▸ EXERCISE AIM: Skip the pictures and write out, word for word, the lines below from the one with "Unser Neckholder Top" through the one with "260克亲子短袖潮童装ins日系猴子头夏装半袖男女休闲宽松T恤上衣", inclusive.

▸ RECORDS SHOWN:
§
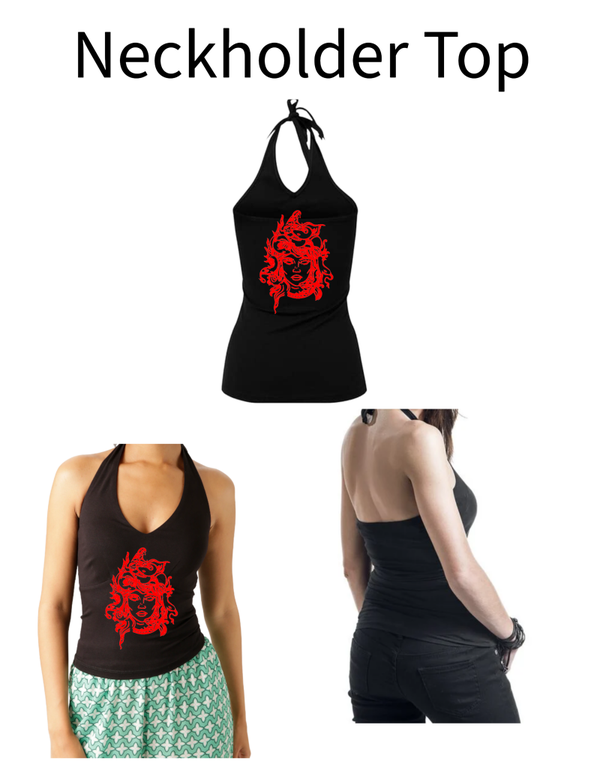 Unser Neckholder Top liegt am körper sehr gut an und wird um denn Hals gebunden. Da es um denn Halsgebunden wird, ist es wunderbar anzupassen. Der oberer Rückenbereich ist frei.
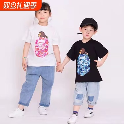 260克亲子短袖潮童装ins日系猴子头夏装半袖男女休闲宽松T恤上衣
§
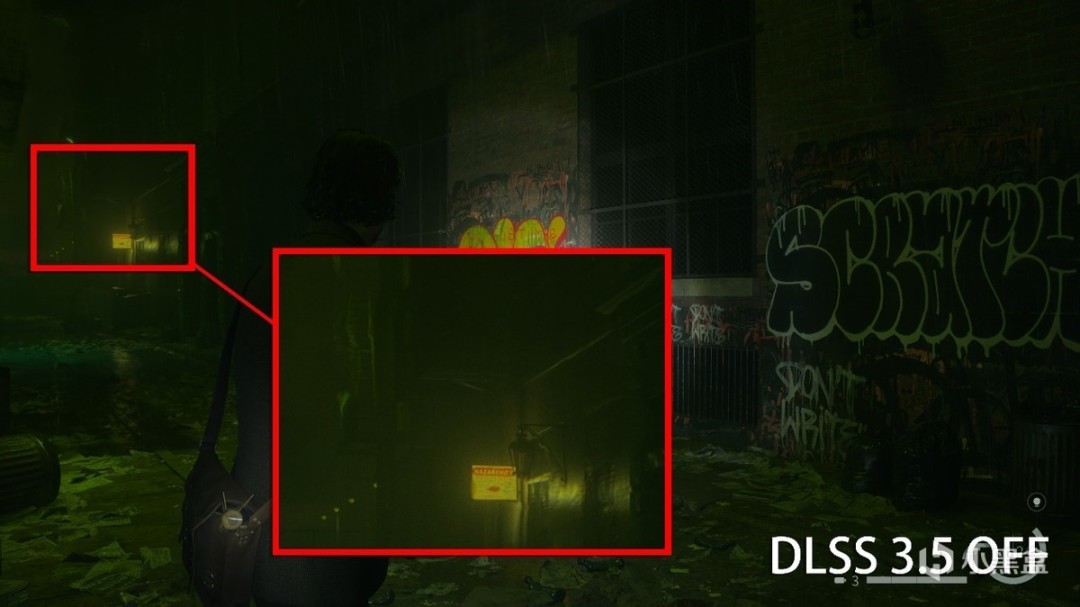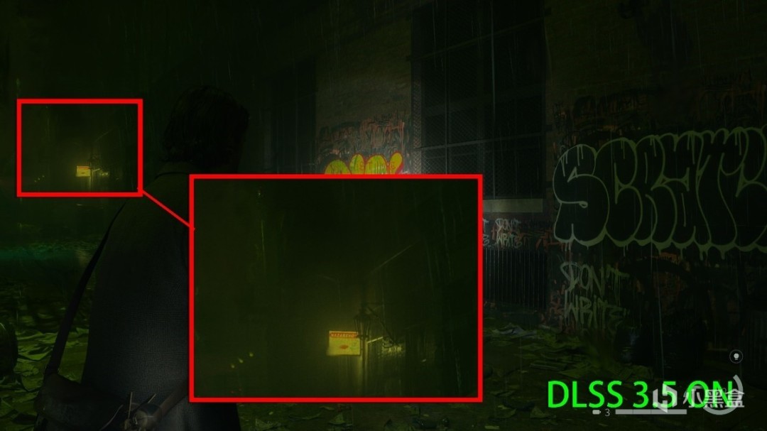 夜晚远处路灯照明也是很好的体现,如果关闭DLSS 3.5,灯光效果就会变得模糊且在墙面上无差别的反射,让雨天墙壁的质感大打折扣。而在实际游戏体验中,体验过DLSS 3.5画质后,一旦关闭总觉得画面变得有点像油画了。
§
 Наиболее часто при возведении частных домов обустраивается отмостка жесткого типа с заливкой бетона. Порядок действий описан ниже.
§
▸ RESPONSE AREA:
 Unser Neckholder Top liegt am körper sehr gut an und wird um denn Hals gebunden. Da es um denn Halsgebunden wird, ist es wunderbar anzupassen. Der oberer Rückenbereich ist frei.
 260克亲子短袖潮童装ins日系猴子头夏装半袖男女休闲宽松T恤上衣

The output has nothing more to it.